## What this task involves
Your task is to repeat all of the data exactly while excluding the pictures.

## Collected data entries
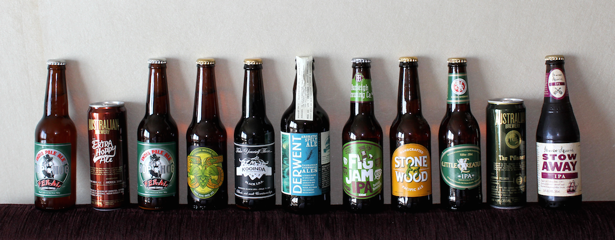 Until just now. The picture at the very top of this item shows an 11-beer range of craft beers. They run from Hop Hog IPA, made by the newish Feral Brewing Company in Western Australia (at far left), to Stowaway IPA from the better-known James Squire Brewery in New South Wales (at right). I bought all those bottles and lugged them home on a visit a few months ago to the wonderful Oak Barrel bottle shop in Sydney, below.
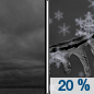 Tonight - A slight chance of snow and freezing drizzle between 3am and 4am, then a chance of freezing drizzle. Cloudy, with a low around 24. East southeast wind around 5 mph. Chance of precipitation is 20%.
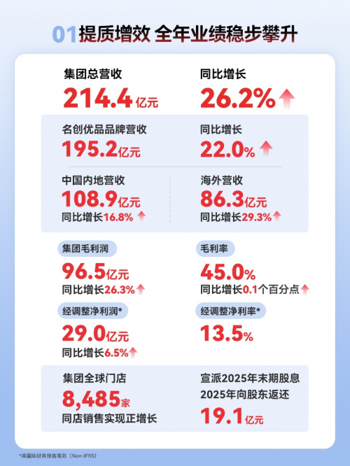 财报显示,2025年名创优品集团全球零售额达371亿,财务总营收达214.4亿元,同比增长26.2%,其中名创优品品牌营收195.2亿元,同比增长22.0%,TOP TOY品牌营收19.2亿元,实现94.8%的同比增长。名创优品集团该年度毛利润为96.5亿元,同比增长26.3%,毛利率为45.0%,同比增长0.1个百分点。经调整净利润(非国际财务报告准则(Non-IFRS))29.0亿元,同比增长6.5%,经调整净利率13.5%,展现出核心业务的强大韧性和企业整体良好的盈利能力。集团全球门店达8485家,集团同店销售实现稳健增长。与此同时,名创优品积极回馈股东,宣派2025年末期股息,2025年向股东返还人民币19.1亿元,其中包括5.5亿元股份回购及13.6亿元分红,共占经调整净利润的66%,为股东创造并分享长期价值。
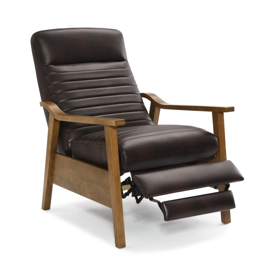 Transform your living space with our exquisite Asher Wood Arm Push Back Recliner. The exposed wood frame is finished in a light Ash brown while the channel stitched seat and back add an extra touch of refinement and comfort. Recline and unwind with this simple, manual push back design.
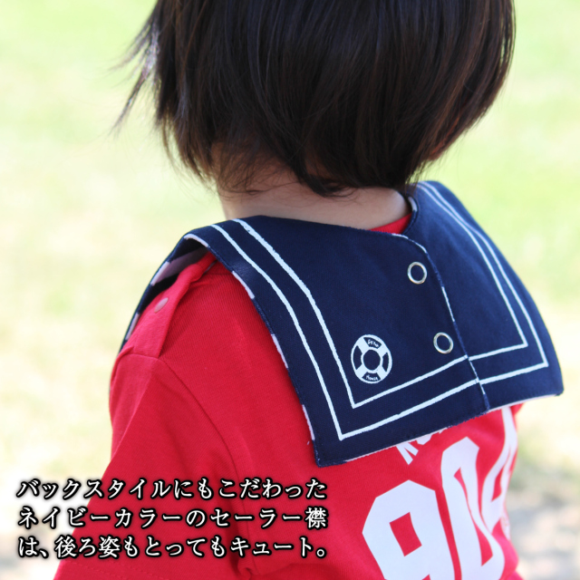 バックスタイルにもこだわったネイビーカラーのセーラー襟は、後ろ姿もとってもキュート。
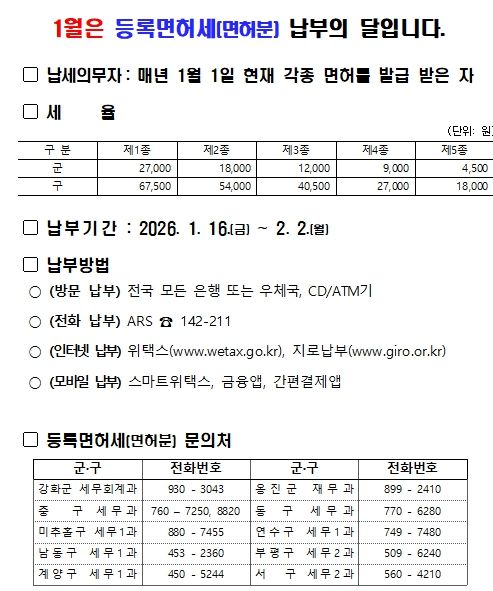 [ 타임즈 - 김시창 기자 ] 인천광역시는 2026년 정기분 등록면허세(면허분) 396,262건, 총128억 원을 부과·고지했다고 밝혔다.
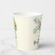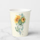 Estas tazas de papel divertidas para el chocolate nupcial lucen girasoles rústicos y eucalipto. Tus invitados amarán estas tazas de papel que coinciden con otras ideas de chocolate nupcial.
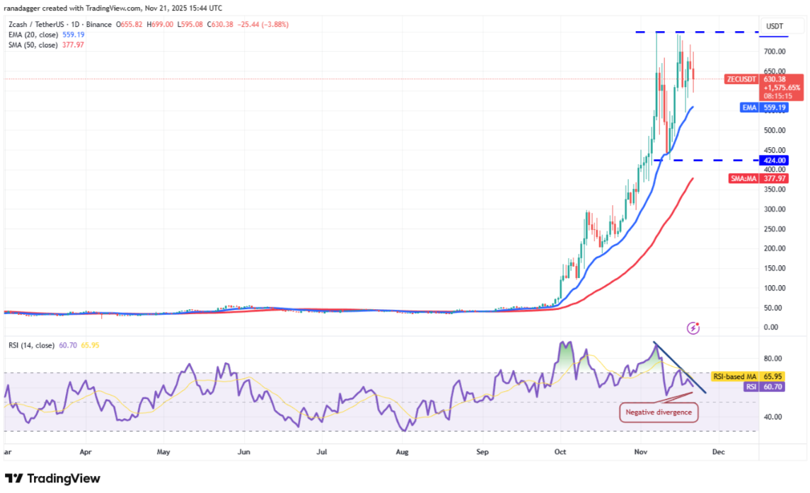 Zcash (ZEC) đã bật lên từ đường EMA 20 ngày (559 USD) vào thứ Ba, nhưng đà phục hồi đang gặp áp lực bán mạnh quanh 750 USD.
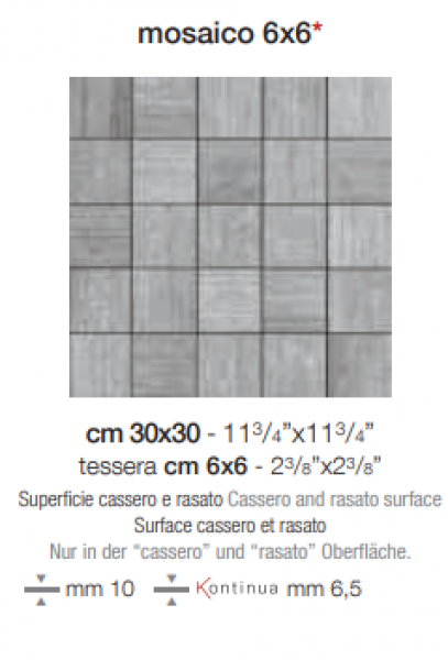cm 30x30 - 113/4”x113/4”tessera cm 6x6 - 23/8”x23/8”Superficie cassero e rasato Cassero and rasato surfaceSurface cassero et rasatoNur in der “cassero” und “rasato” Oberfläche. mm 10 mm 6,5.
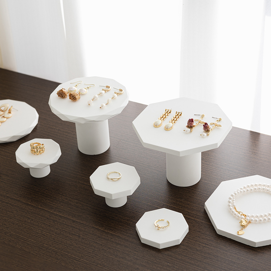 Gypsum round jewelry display stand high leg tray table decoration earrings ring necklace tray display props
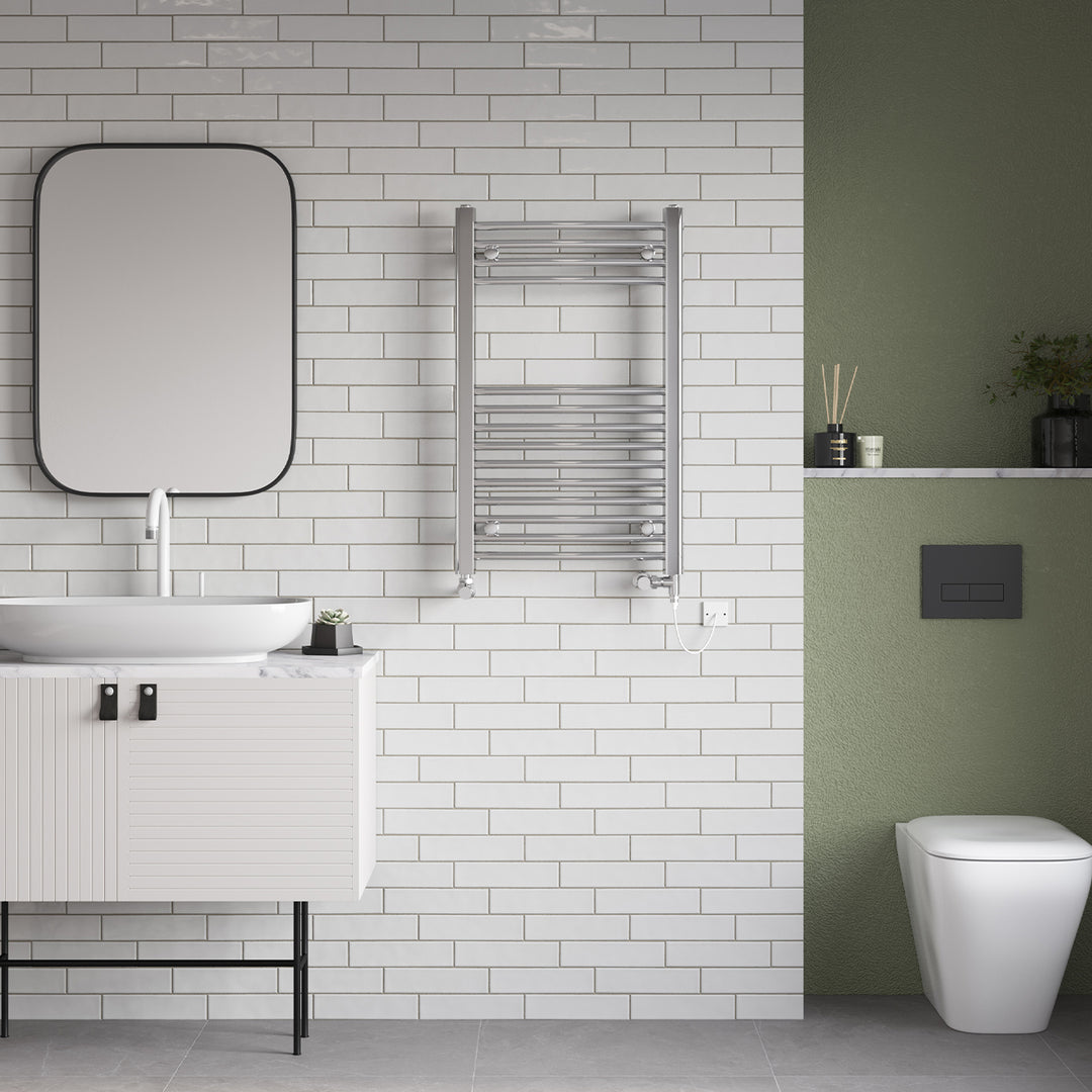 Zennor - Chrome Dual Fuel Towel Rail H800mm x W500mm Standard - Curved
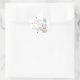 O primeiro adesivo de aniversário é decorado com um ursinho fofo, balões e um arco-íris.
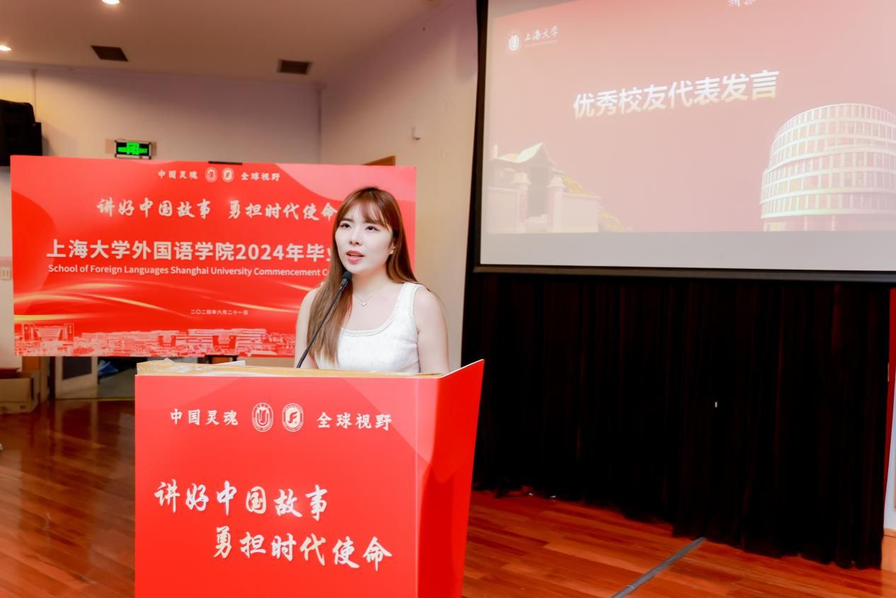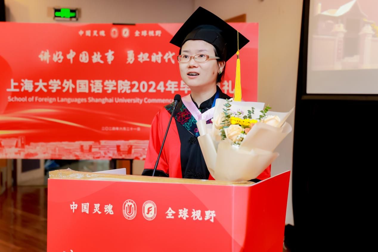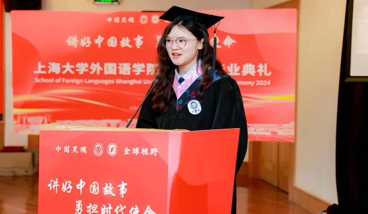 上海市优秀毕业生沈璟萱同学提及大学四年丰富多彩的校园生活,尤其是作为2024年度大戏导演的过程中感受到中外文明互鉴的魅力,表示身为外院学子们今后会继续努力做好中国故事的讲述者。
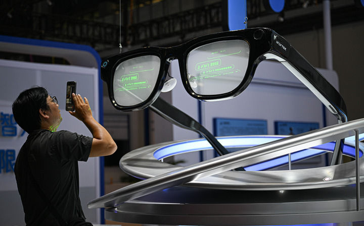 2026年4月10日在第六届消博会主会场拍摄的AI眼镜模子。新华社记者 蒲晓旭 摄
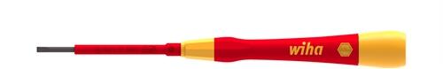 VDE lapos csavarhúzó WERA slim Kivitel: Erősen ötvözött speciális acélból. Kerek, szigetelt pengével. A markolat és a penge 1000 V feszültségig szigetelt az IEC 60900, DIN EN 60900, VDE 0682/201. része szerint. Ezenfelül a csavarhúzó fejére beütve feltüntették a profilt és a méretet. Csökkentett átmérőjű penge mélyen fekvő csavarok és rugós szorítók eléréshez. 3
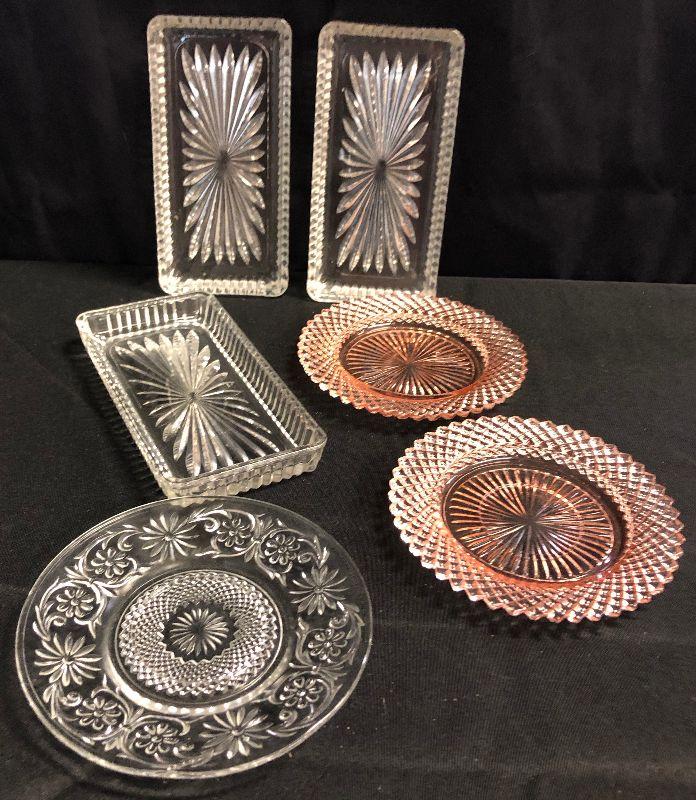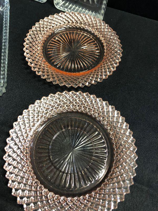 Good condition - vintage glass - no chips Pink and clear 7 x 4 on trays

## Exercise solution
 Until just now. The picture at the very top of this item shows an 11-beer range of craft beers. They run from Hop Hog IPA, made by the newish Feral Brewing Company in Western Australia (at far left), to Stowaway IPA from the better-known James Squire Brewery in New South Wales (at right). I bought all those bottles and lugged them home on a visit a few months ago to the wonderful Oak Barrel bottle shop in Sydney, below.
 Tonight - A slight chance of snow and freezing drizzle between 3am and 4am, then a chance of freezing drizzle. Cloudy, with a low around 24. East southeast wind around 5 mph. Chance of precipitation is 20%.
 财报显示,2025年名创优品集团全球零售额达371亿,财务总营收达214.4亿元,同比增长26.2%,其中名创优品品牌营收195.2亿元,同比增长22.0%,TOP TOY品牌营收19.2亿元,实现94.8%的同比增长。名创优品集团该年度毛利润为96.5亿元,同比增长26.3%,毛利率为45.0%,同比增长0.1个百分点。经调整净利润(非国际财务报告准则(Non-IFRS))29.0亿元,同比增长6.5%,经调整净利率13.5%,展现出核心业务的强大韧性和企业整体良好的盈利能力。集团全球门店达8485家,集团同店销售实现稳健增长。与此同时,名创优品积极回馈股东,宣派2025年末期股息,2025年向股东返还人民币19.1亿元,其中包括5.5亿元股份回购及13.6亿元分红,共占经调整净利润的66%,为股东创造并分享长期价值。
 Transform your living space with our exquisite Asher Wood Arm Push Back Recliner. The exposed wood frame is finished in a light Ash brown while the channel stitched seat and back add an extra touch of refinement and comfort. Recline and unwind with this simple, manual push back design.
 バックスタイルにもこだわったネイビーカラーのセーラー襟は、後ろ姿もとってもキュート。
 [ 타임즈 - 김시창 기자 ] 인천광역시는 2026년 정기분 등록면허세(면허분) 396,262건, 총128억 원을 부과·고지했다고 밝혔다.
 Estas tazas de papel divertidas para el chocolate nupcial lucen girasoles rústicos y eucalipto. Tus invitados amarán estas tazas de papel que coinciden con otras ideas de chocolate nupcial.
 Zcash (ZEC) đã bật lên từ đường EMA 20 ngày (559 USD) vào thứ Ba, nhưng đà phục hồi đang gặp áp lực bán mạnh quanh 750 USD.
cm 30x30 - 113/4”x113/4”tessera cm 6x6 - 23/8”x23/8”Superficie cassero e rasato Cassero and rasato surfaceSurface cassero et rasatoNur in der “cassero” und “rasato” Oberfläche. mm 10 mm 6,5.
 Gypsum round jewelry display stand high leg tray table decoration earrings ring necklace tray display props
 Zennor - Chrome Dual Fuel Towel Rail H800mm x W500mm Standard - Curved
 O primeiro adesivo de aniversário é decorado com um ursinho fofo, balões e um arco-íris.
 上海市优秀毕业生沈璟萱同学提及大学四年丰富多彩的校园生活,尤其是作为2024年度大戏导演的过程中感受到中外文明互鉴的魅力,表示身为外院学子们今后会继续努力做好中国故事的讲述者。
 2026年4月10日在第六届消博会主会场拍摄的AI眼镜模子。新华社记者 蒲晓旭 摄
 VDE lapos csavarhúzó WERA slim Kivitel: Erősen ötvözött speciális acélból. Kerek, szigetelt pengével. A markolat és a penge 1000 V feszültségig szigetelt az IEC 60900, DIN EN 60900, VDE 0682/201. része szerint. Ezenfelül a csavarhúzó fejére beütve feltüntették a profilt és a méretet. Csökkentett átmérőjű penge mélyen fekvő csavarok és rugós szorítók eléréshez. 3
 Good condition - vintage glass - no chips Pink and clear 7 x 4 on trays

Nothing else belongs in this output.